Officially, we Americans have public servants who are sworn, highly paid, and lavishly perked to do our Public bidding. Compare this Constitutionally designed arrangement with the spectacle of the Code Pink folks making a citizens’ arrest of the war criminal Henry Kissinger on the floor of a Senate hearing chaired by the dubious ‘hero,’ Senator McCain. Not one of the multitude of officers of the court present there supported Code Pink’s brave and overdue arrest of Mr. K, as is required of those officers by Law. Instead, Senator McCain’s indelicate outburst was directed against the Code Pink folks themselves, calling them lowlife scum, despicable, and so on, banishing them from the group. How did the Honorable Sen. McCain’s aim swing around to be 180 degrees off, diametrically opposite from his proper field of fire as a servant of the People of this country?
Clue (re: American sniper movie):
The Corpirations, as announced then by Honest Abe Lincoln, took a bead on our democratic republic from a very remote location, in deep camouflage, and blew the head off Lawful government here around 1865. They’ve been doing the same here and there around our planet ever since, ‘mopping up’ and cleaning up along the way. Seeming distinct conflicts (the ‘Good’ war, among many others not so good) in fact just flare-ups in this Most Profitable Process, and there’s no sign it will stop without BEING stopped. You can’t get from where the Constitution was to where Henry Kissinger is by serving the Lawful Sovereignty of the People, preserving and defending the Rights of People, and all that American revolutionary stuff.

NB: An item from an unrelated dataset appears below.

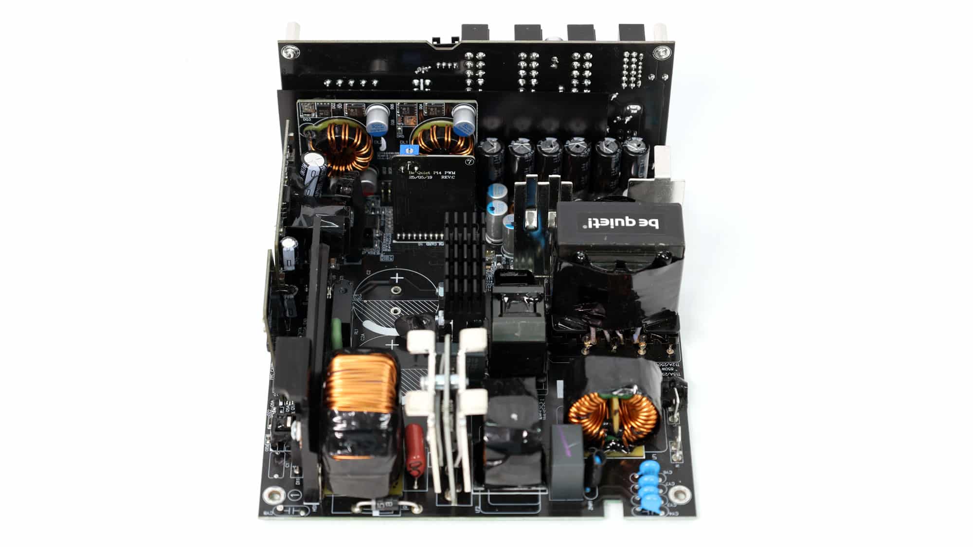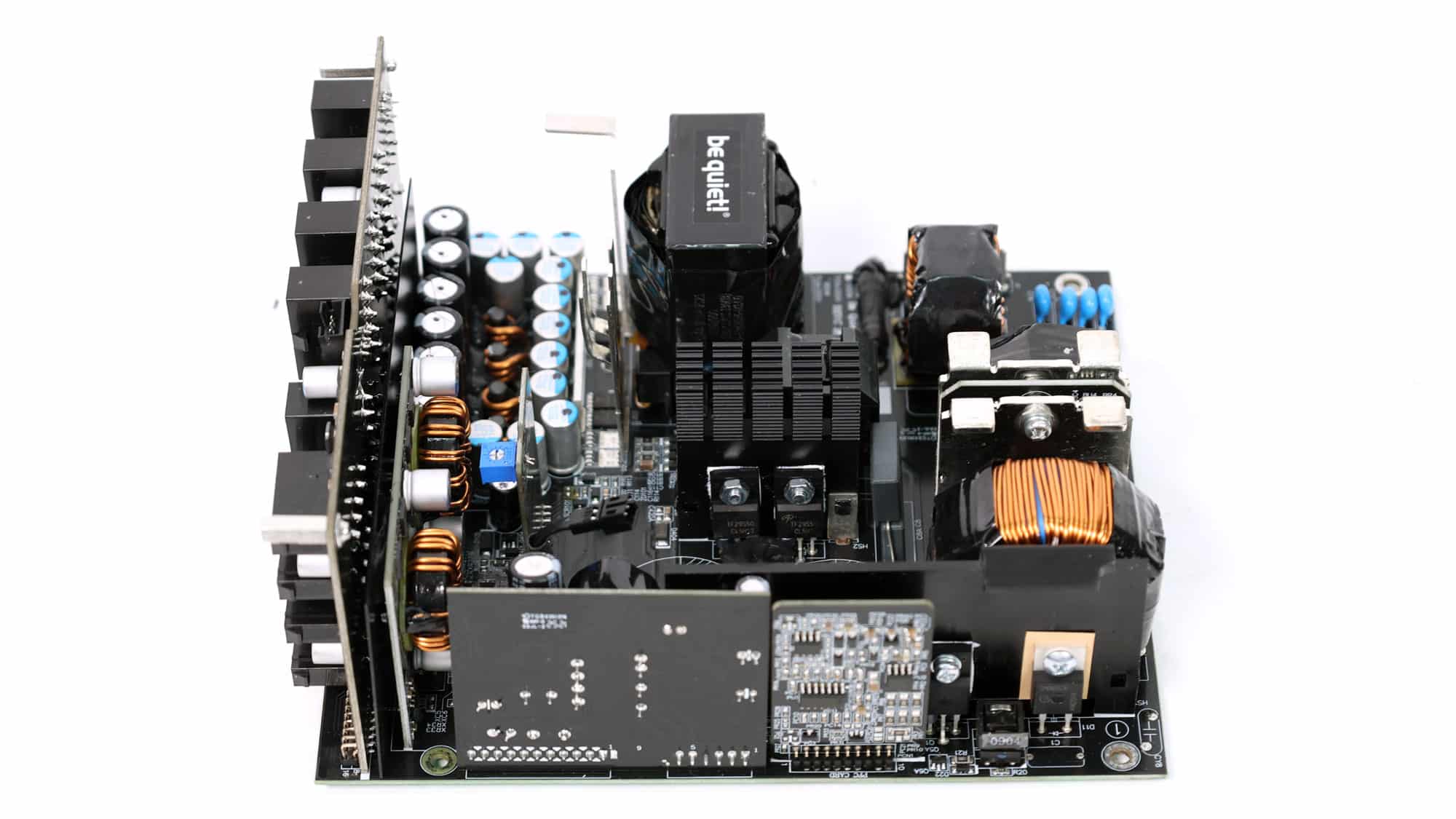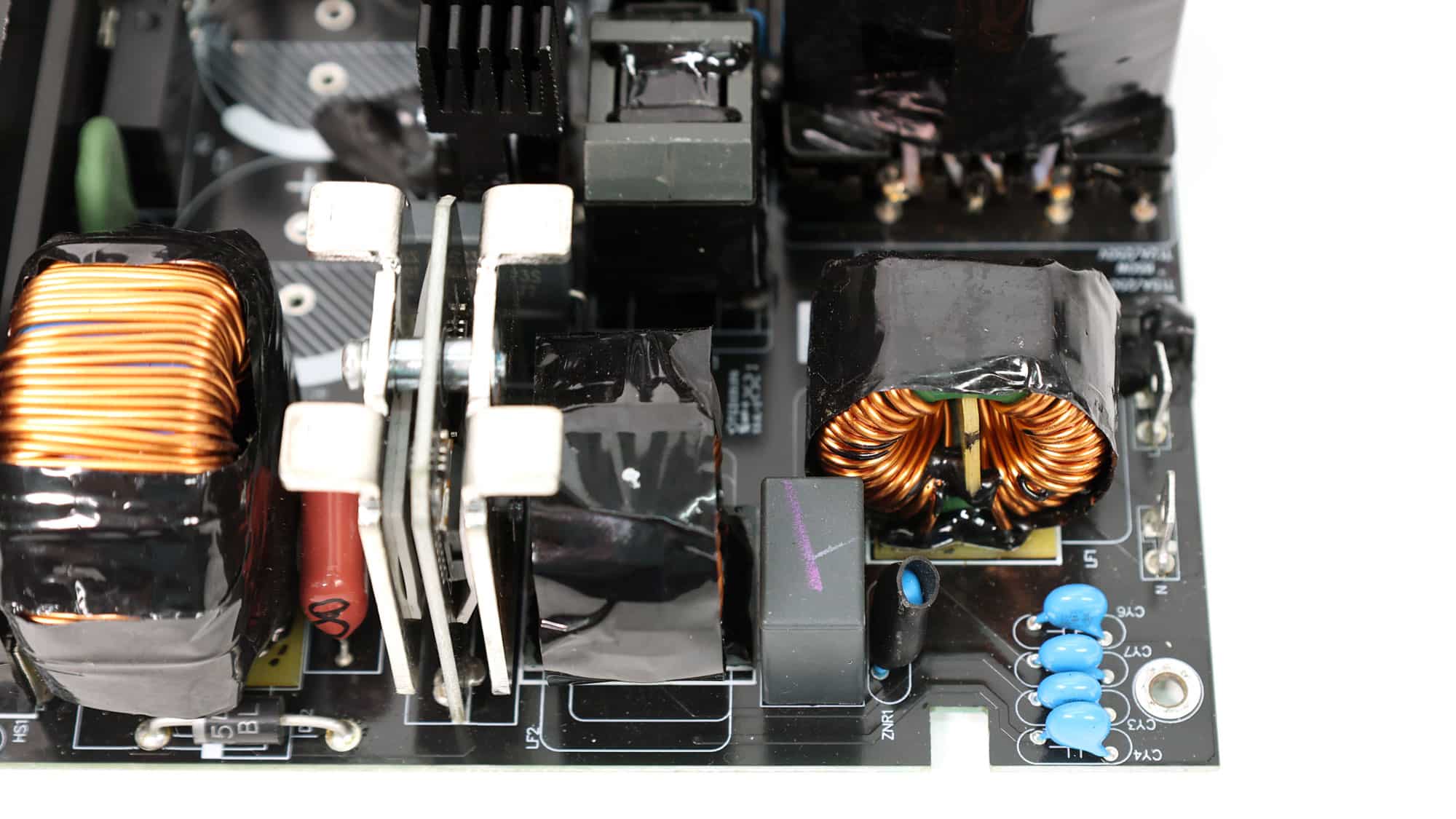 CWT supplies this platform with a modern architecture that incorporates bridgeless APFC to minimize energy losses and a full-bridge topology for improved power-handling capability. The primary side also features an LLC resonant converter, further boosting overall efficiency. The PCB uses standard-to-large dimensions and is laid out with acoustics in mind, avoiding crowding in favor of generous component spacing—especially on the secondary side—to promote optimal airflow. Notably, the electrolytic capacitors are positioned well away from major heat sources, significantly enhancing their expected lifespan. In typical CWT fashion, the secondary-side heatsinks are relatively modest in size, as are those on the primary side, with the largest heatsink dedicated to the APFC stage.

One more question, one more time: Who’s tax-trillions are funding and fattening these few deranged ghouls and threatening, terrorizing and killing Everything Else?
So many problems in the world. I like the simple life and am waiting for the boys of a spring to get to Arizona for an exciting year of baseball. Dear Bruce I have my doubts as TO Vogelsang and Hudson to perform as hoped. As to the As who know with all the trades as to what will happen.